In This Program
The Concert
Friday February 21, 2025, at 7:30pm
Saturday, February 22, 2025, at 7:30pm
Sunday, February 23, 2025, at 2:00pm
Esa-Pekka Salonen conducting
Xavier Muzik
Strange Beasts (2024)
San Francisco Symphony Commission and World Premiere
Commissioned as part of the Emerging Black Composers Project
Sergei Prokofiev
Piano Concerto No. 2 in G minor, Opus 16 (1913/23)
Andantino
Scherzo: Vivace
Intermezzo: Allegro moderato
Finale: Allegro tempestoso
Daniil Trifonov
Intermission
Igor Stravinsky
Le Sacre du printemps (1912)
Part I: The Adoration of the Earth
Introduction—
Harbingers of Spring—
Dances of the Adolescent Girls—
Mock Abduction—
Spring Rounds—
Contest of the Rival Tribes—
Procession of the Sage—
Adoration of the Earth—
The Dancing Earth
Part II: The Great Sacrifice
Introduction—
The Maiden’s Secret Rites and Walking-in-Rounds—
Glorification of the Chosen One—
Summoning of the Ancestors—
Ritual Action of the Ancestors—
Great Sacred Dance of the Chosen One
Lead support for this concert series is provided by The Phyllis C. Wattis Fund for Guest Artists.

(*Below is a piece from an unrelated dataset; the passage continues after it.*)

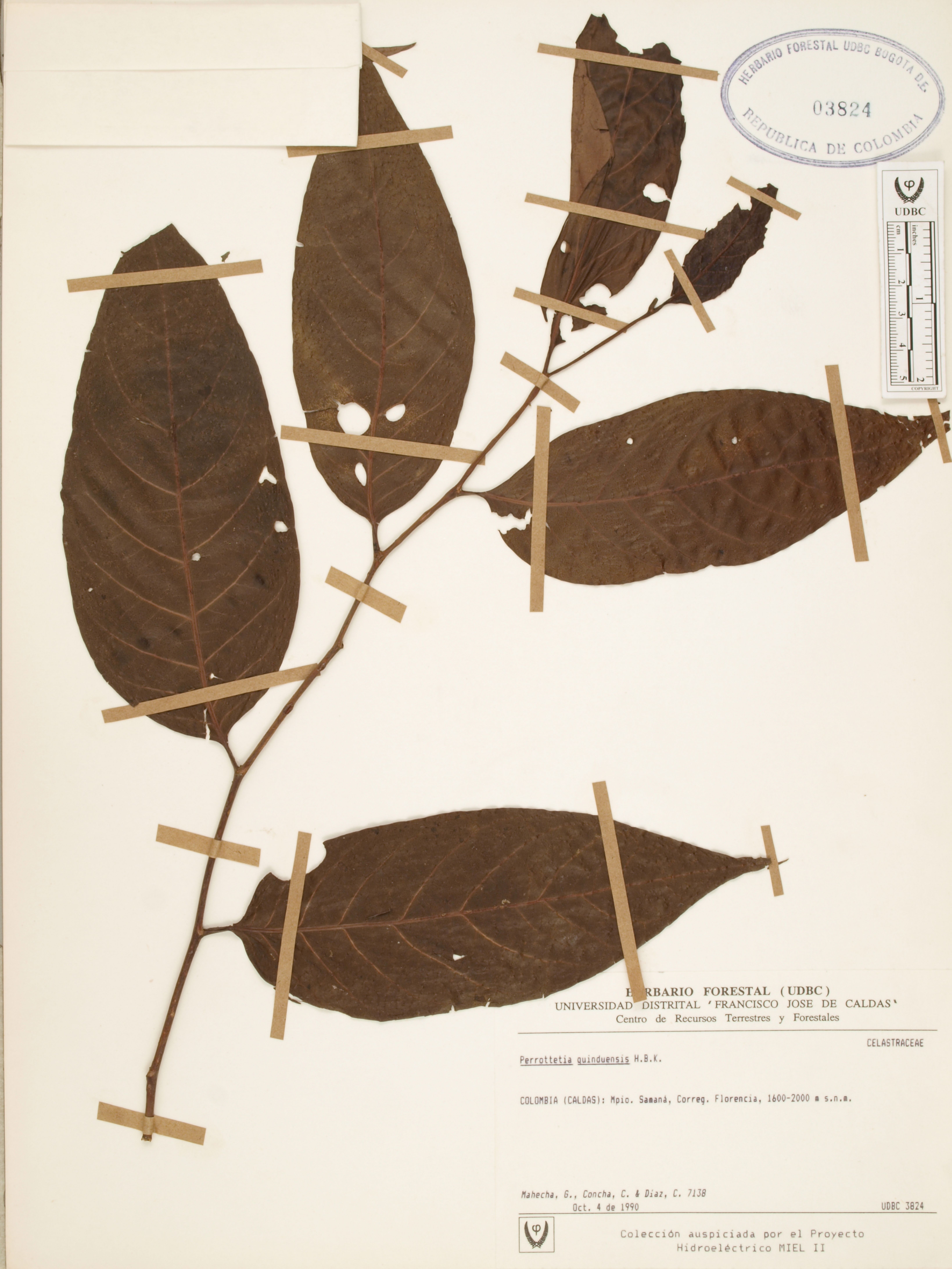 Fotografía del ejemplar Mahecha, G. 7138, determinado como Perrottetia quinduensis

These concerts, a part of The Barbro and Bernard Osher Masterworks Series, are made possible by a generous gift from Barbro and Bernard Osher.
The Emerging Black Composers Project is underwritten by Michèle and Laurence Corash.
Program Notes
At a Glance
Daniil Trifonov joins the orchestra for Sergei Prokofiev’s Piano Concerto No. 2, which was lost in the Russian Revolution, but Prokofiev reconstructed it by memory in 1923. The premiere reportedly “left listeners frozen with fright, hair standing on end.”

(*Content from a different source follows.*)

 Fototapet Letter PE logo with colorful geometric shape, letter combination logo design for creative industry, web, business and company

A riot broke at the 1913 premiere of Igor Stravinsky’s Le Sacre du printemps (The Rite of Spring), and more than a century later, the ballet remains a thrilling provocation. Salonen says: “I’ll never stop trying to find the menace and glorious primitivism in this score.”
Strange Beasts
Xavier Muzik
Born: March 5, 1995, in Albuquerque, New Mexico
Work Composed: 2024
SF Symphony Commission and World Premiere
Instrumentation: 2 flutes, piccolo (doubling alto flute), 3 oboes (3rd doubling English horn), 2 clarinets, bass clarinet, 2 bassoons, contrabassoon, 4 horns, 3 trumpets, 3 trombones, tuba, timpani, percussion, harp, piano (doubling celesta), and strings.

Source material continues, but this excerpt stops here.